When Users View Data
Knack automatically converts stored UTC data back to each user's local timezone. This means a meeting scheduled by someone in New York will automatically show at the correct local time for colleagues in London, Tokyo, or anywhere else in the world.
Consistent Data Integrity
While users see dates and times in their local timezone, your application maintains perfect data consistency. All timestamps are stored using UTC as the standard, which ensures that sorting, filtering, and reporting functions work correctly regardless of where your users are located.
Feature Availability and Rollout
Available Now: New Applications
Automatic timezone support is currently available for:
- New applications on Knack Classic
- New applications on Knack Next-Gen
New apps created after the feature launch automatically include timezone support, giving you immediate access without any additional setup required.
Coming Later: Existing Applications
While the initial release focuses on new applications, Knack is actively working on plans to extend automatic timezone support to existing applications. The Knack team will provide advance notice when timezone support becomes available for existing applications.
Copying/duplicating an app that doesn't have multi-timezone enabled will create a new app **without **multi-timezone support.
Tasks and Timezones
Knack's Tasks feature works seamlessly with automatic timezone support, but understanding how timezone handling affects task scheduling helps you set up reliable automated workflows.
How Task Scheduling Works
- What You See: Task schedules and dates display in your timezone
- When Tasks Run: Based on your app's timezone setting (found in App Settings)
Example Scenario
You're in Berlin, your app timezone is set to London:
- You schedule a task for 3:00 PM
- You see "3:00 PM Berlin time" in the interface
- The task actually runs at 2:00 PM London time (same moment, different display)

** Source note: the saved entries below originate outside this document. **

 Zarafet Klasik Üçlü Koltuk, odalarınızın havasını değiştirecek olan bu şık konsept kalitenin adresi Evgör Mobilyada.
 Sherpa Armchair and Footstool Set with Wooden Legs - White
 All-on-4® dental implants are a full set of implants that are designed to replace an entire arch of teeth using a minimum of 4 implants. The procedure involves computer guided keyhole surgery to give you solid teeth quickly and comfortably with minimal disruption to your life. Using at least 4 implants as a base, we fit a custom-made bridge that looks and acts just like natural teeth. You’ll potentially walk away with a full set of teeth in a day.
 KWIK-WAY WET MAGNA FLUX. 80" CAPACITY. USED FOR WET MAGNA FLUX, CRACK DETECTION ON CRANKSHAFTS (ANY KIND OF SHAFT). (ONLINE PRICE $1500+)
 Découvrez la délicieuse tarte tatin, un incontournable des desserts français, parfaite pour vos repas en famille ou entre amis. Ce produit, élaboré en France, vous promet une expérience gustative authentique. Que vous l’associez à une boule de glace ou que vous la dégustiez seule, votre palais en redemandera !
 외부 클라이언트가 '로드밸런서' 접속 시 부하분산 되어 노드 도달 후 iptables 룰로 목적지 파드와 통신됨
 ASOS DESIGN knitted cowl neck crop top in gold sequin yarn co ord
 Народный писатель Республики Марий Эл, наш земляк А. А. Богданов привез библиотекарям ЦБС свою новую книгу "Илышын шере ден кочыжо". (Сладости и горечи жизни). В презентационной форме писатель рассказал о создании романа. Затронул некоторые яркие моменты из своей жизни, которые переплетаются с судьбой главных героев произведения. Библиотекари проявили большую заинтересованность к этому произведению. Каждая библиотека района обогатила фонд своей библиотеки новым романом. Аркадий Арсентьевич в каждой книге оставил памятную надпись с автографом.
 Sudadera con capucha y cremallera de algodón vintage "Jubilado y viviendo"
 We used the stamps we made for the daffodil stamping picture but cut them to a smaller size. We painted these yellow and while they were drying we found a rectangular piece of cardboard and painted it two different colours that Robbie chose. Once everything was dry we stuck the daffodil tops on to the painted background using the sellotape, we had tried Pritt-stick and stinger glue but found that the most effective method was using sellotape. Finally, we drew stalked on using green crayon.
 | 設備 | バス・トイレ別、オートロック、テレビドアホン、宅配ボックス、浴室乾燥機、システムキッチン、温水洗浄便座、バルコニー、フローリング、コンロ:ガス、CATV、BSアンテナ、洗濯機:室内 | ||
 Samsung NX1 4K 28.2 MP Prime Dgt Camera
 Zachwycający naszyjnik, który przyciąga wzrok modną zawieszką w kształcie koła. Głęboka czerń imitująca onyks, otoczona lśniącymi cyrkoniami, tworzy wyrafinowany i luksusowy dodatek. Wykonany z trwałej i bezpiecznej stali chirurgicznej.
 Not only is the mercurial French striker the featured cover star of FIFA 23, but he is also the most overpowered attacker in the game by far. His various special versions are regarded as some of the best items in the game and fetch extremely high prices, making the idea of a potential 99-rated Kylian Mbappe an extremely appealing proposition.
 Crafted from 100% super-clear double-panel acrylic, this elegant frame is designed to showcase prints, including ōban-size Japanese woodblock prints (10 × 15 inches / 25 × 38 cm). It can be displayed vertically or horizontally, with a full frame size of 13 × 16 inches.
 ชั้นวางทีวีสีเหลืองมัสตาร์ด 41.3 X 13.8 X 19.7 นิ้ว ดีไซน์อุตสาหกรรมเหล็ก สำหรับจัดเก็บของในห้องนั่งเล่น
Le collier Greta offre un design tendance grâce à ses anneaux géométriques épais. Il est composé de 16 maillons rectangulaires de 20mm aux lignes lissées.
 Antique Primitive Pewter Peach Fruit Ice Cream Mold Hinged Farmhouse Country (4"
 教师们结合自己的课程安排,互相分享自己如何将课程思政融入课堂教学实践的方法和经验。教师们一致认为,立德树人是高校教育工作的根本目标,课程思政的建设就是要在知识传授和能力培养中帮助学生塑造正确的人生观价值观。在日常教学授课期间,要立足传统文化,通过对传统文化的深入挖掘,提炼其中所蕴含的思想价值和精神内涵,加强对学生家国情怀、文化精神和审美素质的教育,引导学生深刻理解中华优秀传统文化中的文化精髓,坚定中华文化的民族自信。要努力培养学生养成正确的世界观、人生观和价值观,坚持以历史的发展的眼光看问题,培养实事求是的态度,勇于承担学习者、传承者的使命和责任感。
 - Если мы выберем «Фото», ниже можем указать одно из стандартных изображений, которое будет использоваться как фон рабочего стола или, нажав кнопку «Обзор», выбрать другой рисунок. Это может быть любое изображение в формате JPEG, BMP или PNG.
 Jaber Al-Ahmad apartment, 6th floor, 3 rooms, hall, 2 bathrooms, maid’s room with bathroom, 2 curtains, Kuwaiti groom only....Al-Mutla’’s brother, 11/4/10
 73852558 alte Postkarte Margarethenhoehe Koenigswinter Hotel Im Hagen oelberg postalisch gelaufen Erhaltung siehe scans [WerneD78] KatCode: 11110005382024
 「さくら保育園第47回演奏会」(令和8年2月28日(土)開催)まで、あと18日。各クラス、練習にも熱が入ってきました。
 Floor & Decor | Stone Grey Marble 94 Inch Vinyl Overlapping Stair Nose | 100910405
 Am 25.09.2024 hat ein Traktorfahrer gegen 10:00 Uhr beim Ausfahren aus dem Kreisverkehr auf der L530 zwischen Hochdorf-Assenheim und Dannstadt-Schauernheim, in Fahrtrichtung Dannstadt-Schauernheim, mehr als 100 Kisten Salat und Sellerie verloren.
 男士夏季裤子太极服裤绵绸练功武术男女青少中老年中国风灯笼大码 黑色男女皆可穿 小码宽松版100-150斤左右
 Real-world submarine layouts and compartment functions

This keeps your tasks running consistently while making the interface easy to understand.
Data Import and Export
Importing Data with Timezone Support
When importing data that includes date/time fields, you can specify which timezone that data was originally recorded in. This ensures your imported dates and times are interpreted correctly.
Why This Matters: If you're importing a CSV with meeting times recorded in Eastern Time, you can set the timezone to "Eastern Time" during import so it gets converted properly for users in other timezones.
Example: Importing event data from a spreadsheet where all times were recorded in Pacific Time - you select "Pacific Time" during import, and users in New York will automatically see those times converted to Eastern Time.
Exporting Data
Data exports default to your browser's timezone, ensuring exported information matches what you see in the app interface.